* Task requirements
Data follows below. Repeat exactly the lines between the line holding "Includes a Raspberry" and the line holding "8. (Facoltativo) Se", inclusive, and nothing more; drop pictures.

------ Provided data ------

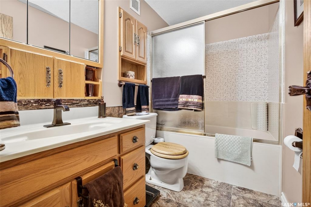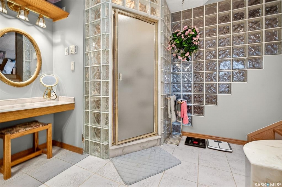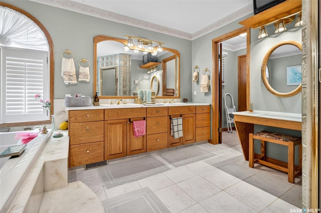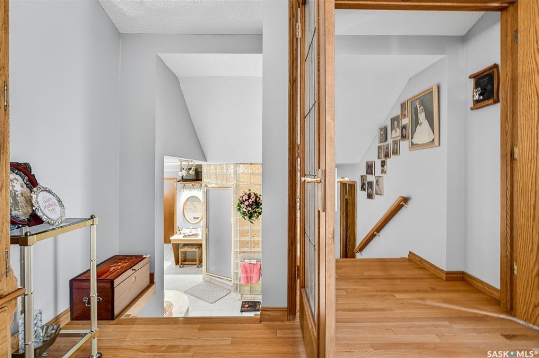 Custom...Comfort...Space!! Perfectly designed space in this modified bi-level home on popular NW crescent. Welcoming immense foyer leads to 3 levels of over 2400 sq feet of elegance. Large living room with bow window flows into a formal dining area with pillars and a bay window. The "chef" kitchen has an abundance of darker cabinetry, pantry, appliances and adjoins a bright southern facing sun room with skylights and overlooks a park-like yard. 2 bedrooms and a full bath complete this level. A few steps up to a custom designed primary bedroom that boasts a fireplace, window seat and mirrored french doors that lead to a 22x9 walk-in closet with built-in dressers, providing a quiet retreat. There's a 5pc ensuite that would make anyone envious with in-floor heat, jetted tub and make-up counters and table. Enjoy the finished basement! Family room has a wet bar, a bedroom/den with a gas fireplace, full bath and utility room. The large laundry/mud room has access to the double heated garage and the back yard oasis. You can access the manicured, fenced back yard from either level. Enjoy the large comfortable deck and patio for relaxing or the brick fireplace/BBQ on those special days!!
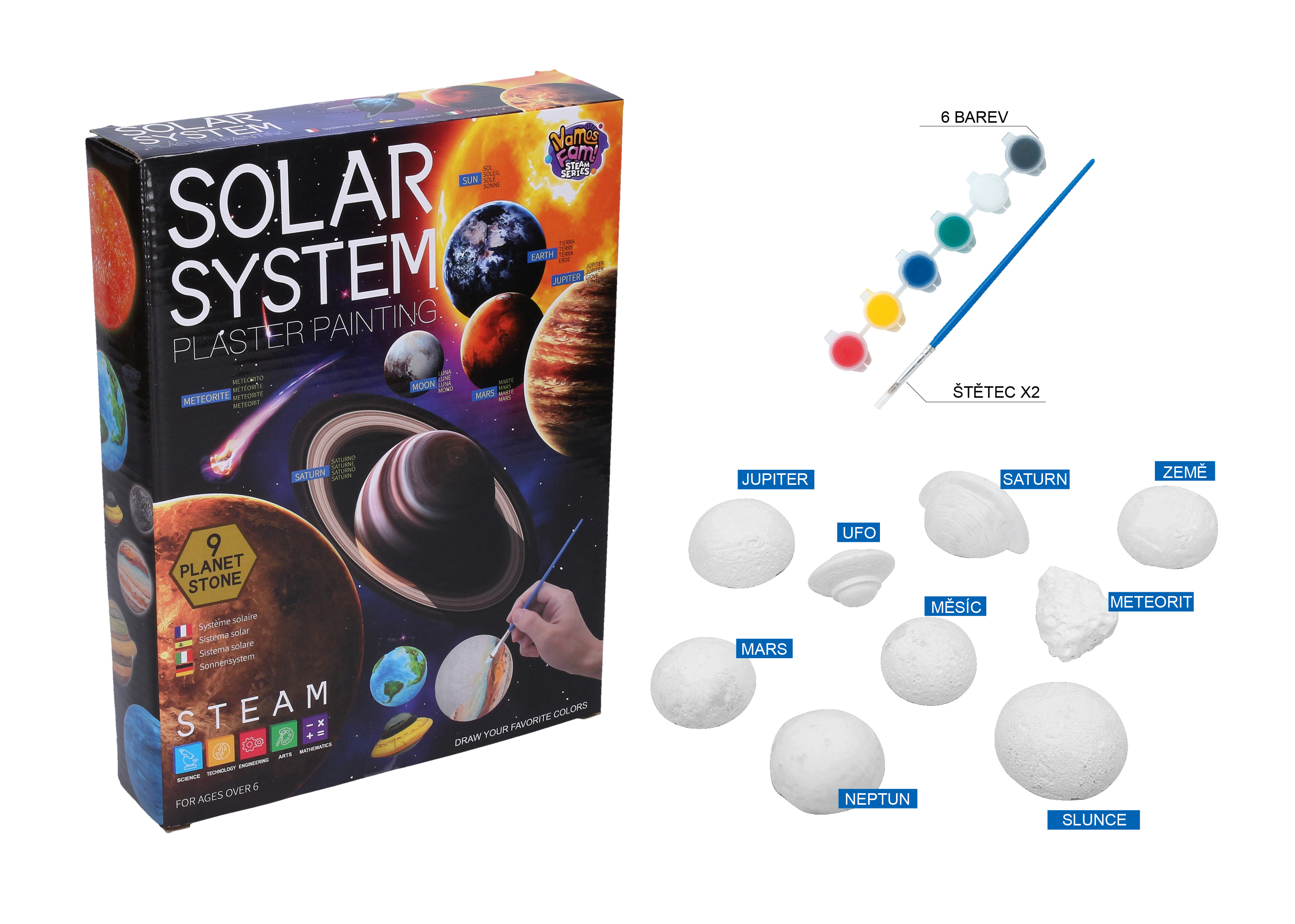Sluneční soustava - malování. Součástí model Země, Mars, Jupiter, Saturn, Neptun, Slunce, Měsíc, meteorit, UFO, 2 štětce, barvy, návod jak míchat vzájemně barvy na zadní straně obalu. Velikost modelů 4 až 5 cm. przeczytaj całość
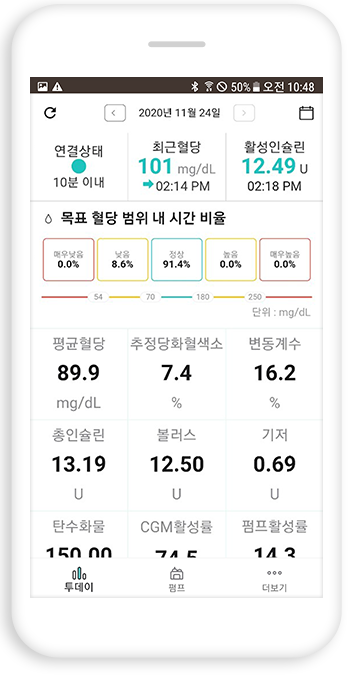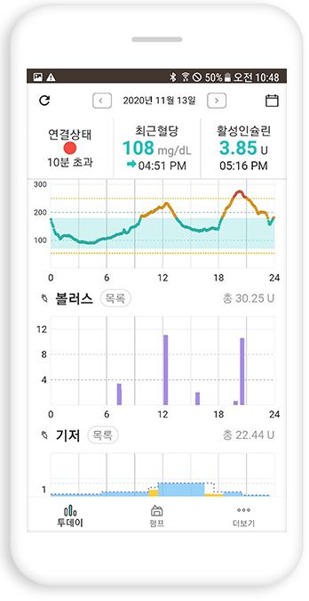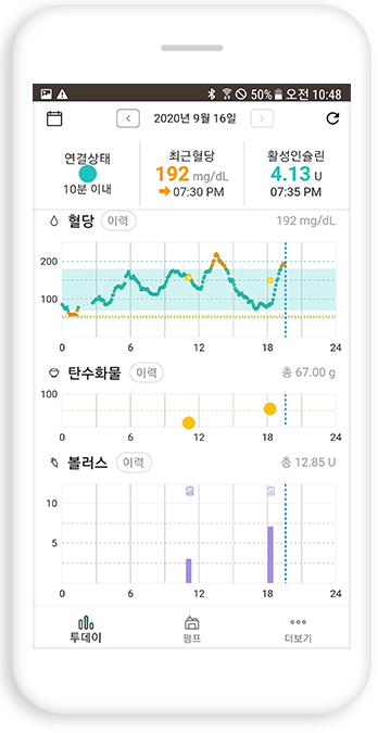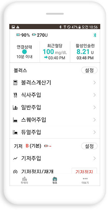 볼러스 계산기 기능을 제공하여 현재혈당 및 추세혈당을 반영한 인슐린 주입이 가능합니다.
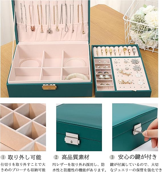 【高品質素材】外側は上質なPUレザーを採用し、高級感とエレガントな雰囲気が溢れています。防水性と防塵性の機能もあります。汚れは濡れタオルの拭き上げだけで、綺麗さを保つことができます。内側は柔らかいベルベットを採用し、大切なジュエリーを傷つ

------
------ Provided data ------

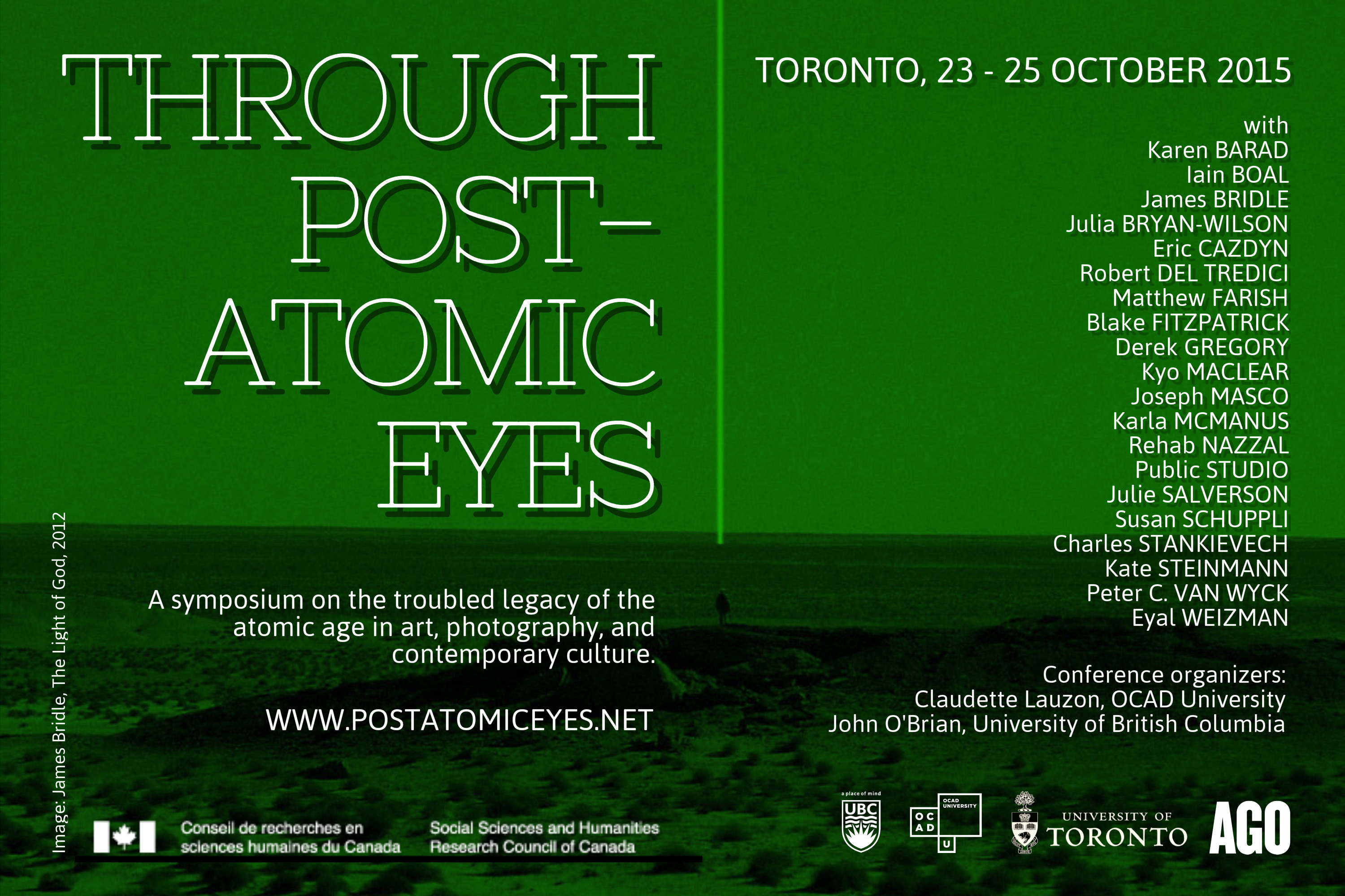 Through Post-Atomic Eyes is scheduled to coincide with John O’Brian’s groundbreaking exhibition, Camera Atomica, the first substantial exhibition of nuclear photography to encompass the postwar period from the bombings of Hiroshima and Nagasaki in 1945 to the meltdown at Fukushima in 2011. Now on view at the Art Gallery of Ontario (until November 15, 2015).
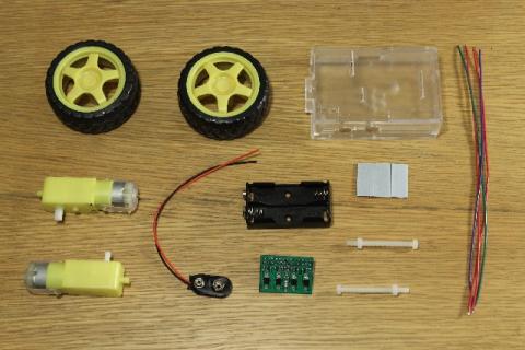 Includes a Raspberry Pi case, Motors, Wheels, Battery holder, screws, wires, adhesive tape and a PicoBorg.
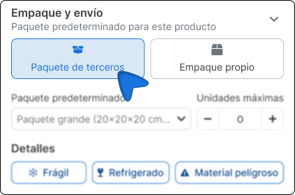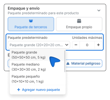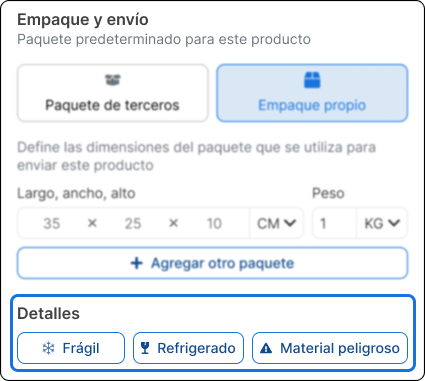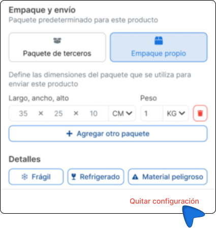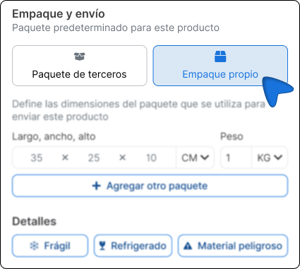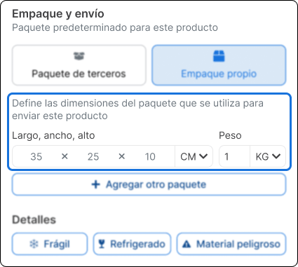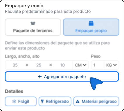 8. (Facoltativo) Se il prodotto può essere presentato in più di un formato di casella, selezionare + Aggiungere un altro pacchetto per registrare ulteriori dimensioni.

------

* Completed task
 Includes a Raspberry Pi case, Motors, Wheels, Battery holder, screws, wires, adhesive tape and a PicoBorg.
 8. (Facoltativo) Se il prodotto può essere presentato in più di un formato di casella, selezionare + Aggiungere un altro pacchetto per registrare ulteriori dimensioni.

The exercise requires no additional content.